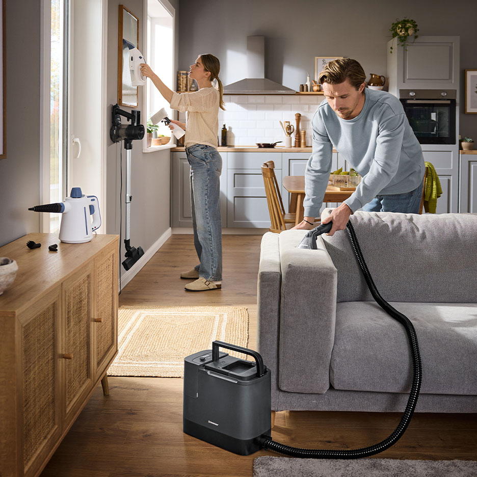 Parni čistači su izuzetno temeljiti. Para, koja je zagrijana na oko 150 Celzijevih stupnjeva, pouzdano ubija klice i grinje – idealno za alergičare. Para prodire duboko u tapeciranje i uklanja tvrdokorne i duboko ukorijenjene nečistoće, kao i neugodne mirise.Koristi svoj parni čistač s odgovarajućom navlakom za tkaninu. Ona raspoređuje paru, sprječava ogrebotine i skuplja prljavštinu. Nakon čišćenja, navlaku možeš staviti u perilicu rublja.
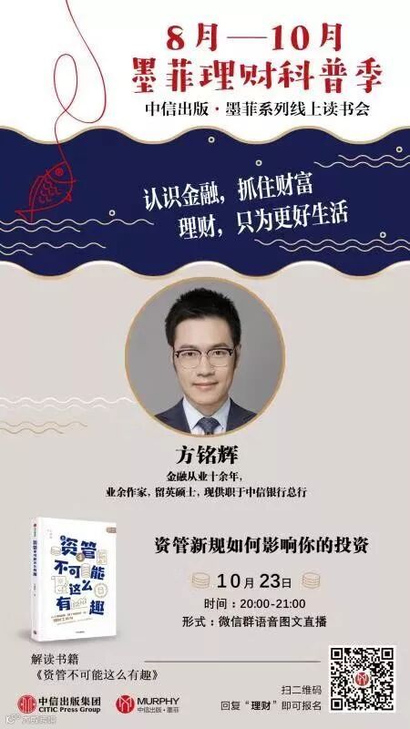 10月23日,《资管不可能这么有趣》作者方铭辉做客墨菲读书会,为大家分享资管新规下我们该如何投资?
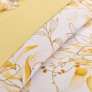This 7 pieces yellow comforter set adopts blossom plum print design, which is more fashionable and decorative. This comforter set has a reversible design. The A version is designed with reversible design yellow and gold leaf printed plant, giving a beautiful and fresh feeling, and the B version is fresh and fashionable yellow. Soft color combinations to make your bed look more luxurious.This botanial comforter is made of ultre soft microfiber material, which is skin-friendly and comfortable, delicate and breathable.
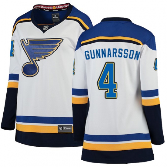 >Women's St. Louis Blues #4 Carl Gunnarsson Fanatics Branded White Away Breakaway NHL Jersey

..........

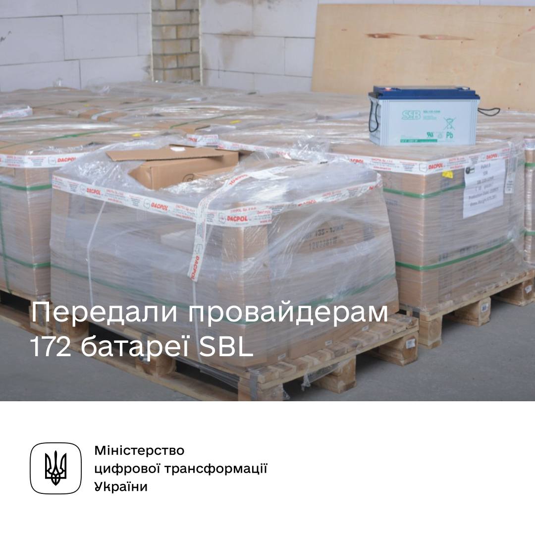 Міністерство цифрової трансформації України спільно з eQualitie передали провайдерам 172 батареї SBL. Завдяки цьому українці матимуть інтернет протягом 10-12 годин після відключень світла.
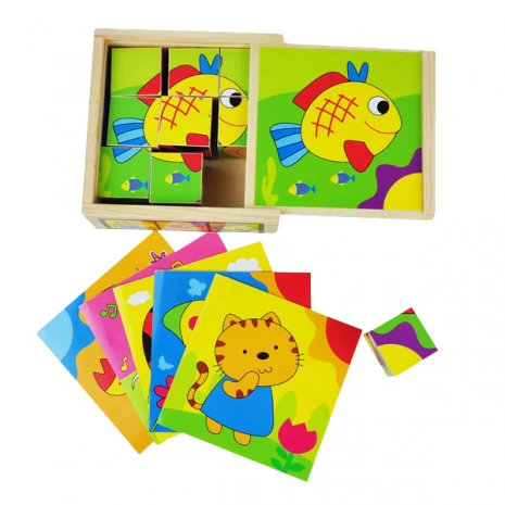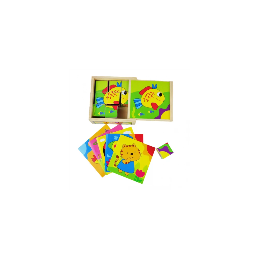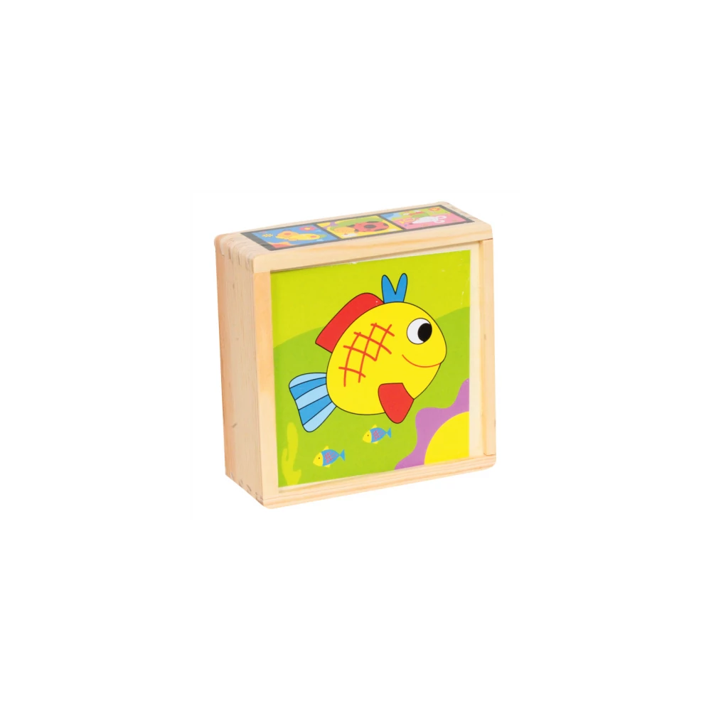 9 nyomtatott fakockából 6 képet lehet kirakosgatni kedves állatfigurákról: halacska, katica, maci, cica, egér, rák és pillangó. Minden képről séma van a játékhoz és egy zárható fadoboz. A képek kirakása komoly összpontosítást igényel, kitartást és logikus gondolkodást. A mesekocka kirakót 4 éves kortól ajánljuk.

..........

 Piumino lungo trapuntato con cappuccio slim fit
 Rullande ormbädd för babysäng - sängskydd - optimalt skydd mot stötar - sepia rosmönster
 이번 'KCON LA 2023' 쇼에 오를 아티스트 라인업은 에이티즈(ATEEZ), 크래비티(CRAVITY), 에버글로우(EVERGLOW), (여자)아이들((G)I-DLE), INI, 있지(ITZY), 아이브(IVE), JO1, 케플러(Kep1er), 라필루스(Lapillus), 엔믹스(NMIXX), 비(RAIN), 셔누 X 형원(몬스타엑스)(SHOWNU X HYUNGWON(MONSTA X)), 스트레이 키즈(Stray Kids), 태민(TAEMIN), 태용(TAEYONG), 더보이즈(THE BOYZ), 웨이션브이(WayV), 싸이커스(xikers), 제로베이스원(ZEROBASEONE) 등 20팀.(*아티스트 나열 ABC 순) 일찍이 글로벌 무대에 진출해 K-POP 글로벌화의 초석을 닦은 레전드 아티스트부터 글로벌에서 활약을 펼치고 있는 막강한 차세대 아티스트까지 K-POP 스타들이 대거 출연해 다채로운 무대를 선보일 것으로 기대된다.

..........

▶ _Instructions to follow_:
Above are some records. Reproduce the lines from the one with "Міністерство цифрової трансформації" down to the one with "9 nyomtatott fakockából", keeping both, and leave every picture out.

▶ _Written solution_:
 Міністерство цифрової трансформації України спільно з eQualitie передали провайдерам 172 батареї SBL. Завдяки цьому українці матимуть інтернет протягом 10-12 годин після відключень світла.
 9 nyomtatott fakockából 6 képet lehet kirakosgatni kedves állatfigurákról: halacska, katica, maci, cica, egér, rák és pillangó. Minden képről séma van a játékhoz és egy zárható fadoboz. A képek kirakása komoly összpontosítást igényel, kitartást és logikus gondolkodást. A mesekocka kirakót 4 éves kortól ajánljuk.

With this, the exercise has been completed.